**Task statement:** In the records below, find the line containing "Крупный план ягод". Output it and every line after it to the end, unchanged, with no pictures.

- Opening Delimiter -

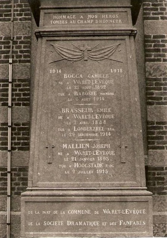 Localisation de ce monument: Devant l'école communale, chaussée de Wavre. Coordonnées GPS: +50°33'02.04", +5°03'35.40". Inscription figurant sur le monument Face avant "HOMMAGE À NOS HÉROS TOMBÉS AU CHAMP D'HONNEUR 1914 1918 [Trois noms, classés par ordre alphabétique] DE LA PART DE LA COMMUNE DE WARET-L'ÉVÊQUE DE LA SOCIÉTÉ DRAMATIQUE ET DES FANFARES" Face gauche "GLOIRE À NOS MARTYRS VICTIMES DE LA GUERRE [Quatre noms, non classés par ordre alphabétique]" Face droite "HONNEUR À NOS SOLDATS MORTS POUR LA PATRIE [Quatre noms, classés par ordre chronologique de décès]" Plaque de droite "VICTIME DU BOMBARDEMENT [Un nom]" Plaque de gauche "SOLDATS TOMBÉS AU CHAMP D'HONNEUR [Deux noms, classés par ordre alphabétique]" Voir les noms mentionnés sur ce monument |
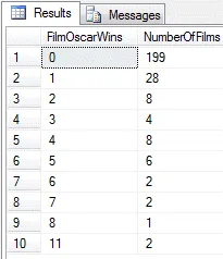 To demonstrate this technique we're going to list the number of films which have won different numbers of Oscars. The output we're aiming for is shown in the diagram below:
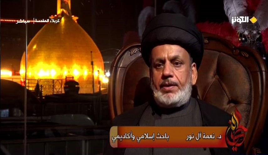 قال الباحث الاسلامي والاكاديمي الدكتور نعمة آل نور: لاريب ان الامام الحسين (ع) امام معصوم مفترض الطاعة وأن يجب على الأمة ان تسير خلفه بلامناقشة، لان الله سبحانه وتعالى يقول: "وما كان لمؤمن ولامؤمنة اذا قضى الله ورسوله امرا ان تكون لهم الخيرة من أمرهم..." ولذلك ان الله اعلم حيث يجعل رسالته، فقد جعل العبء الأكبر بالرسالة وبخلفاء الرسالة من اهل البيت الذين نص عليهم النبي (ص) جعلهم الله سبحانه وتعالى أمناء على رسالته بين خلقه، ولذلك نجد في ألسنة العديد من الزيارات، الامام عالم عارف بالسياسة.
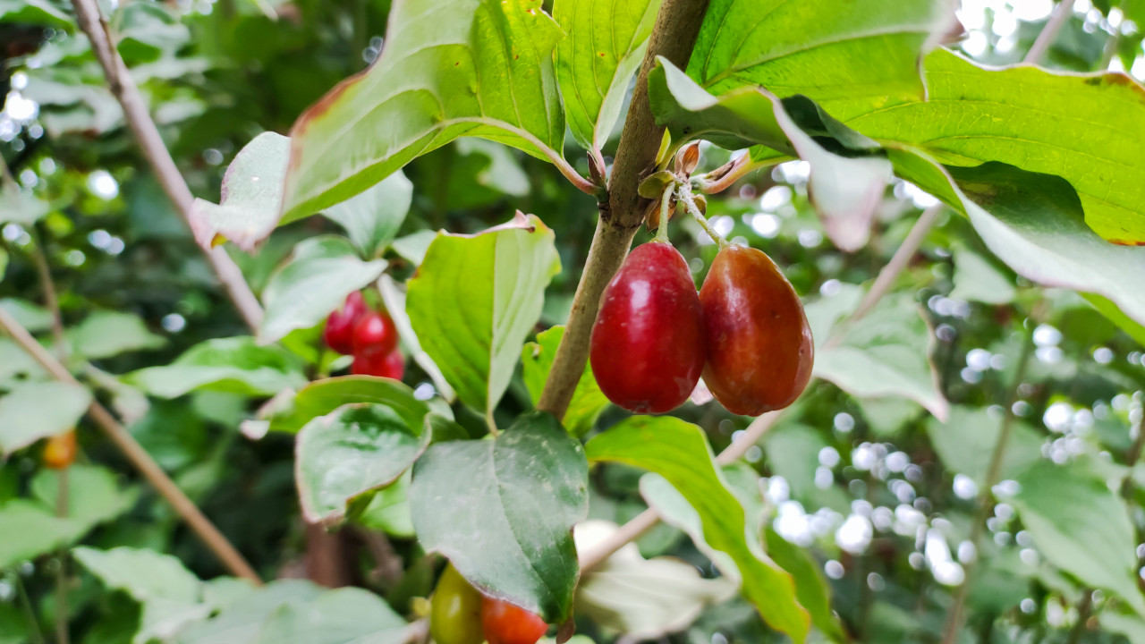 Крупный план ягод кизила на ветке среди зелёных листьев
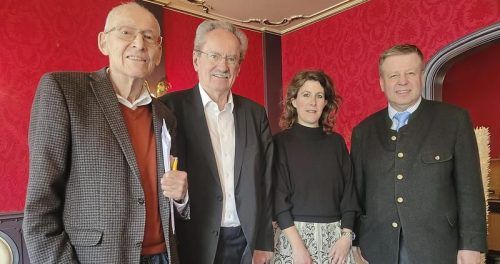 Wollen weiterhin einen Bürgerentscheid erzwingen: Max von Heckel, Christian Ude, Nele Joas und Robert Brannekämper (v. l.) kämpfen gegen die Türme. © Schuri/Herzog & de Meuron

- Closing Delimiter -

**Final answer:**
 Крупный план ягод кизила на ветке среди зелёных листьев
 Wollen weiterhin einen Bürgerentscheid erzwingen: Max von Heckel, Christian Ude, Nele Joas und Robert Brannekämper (v. l.) kämpfen gegen die Türme. © Schuri/Herzog & de Meuron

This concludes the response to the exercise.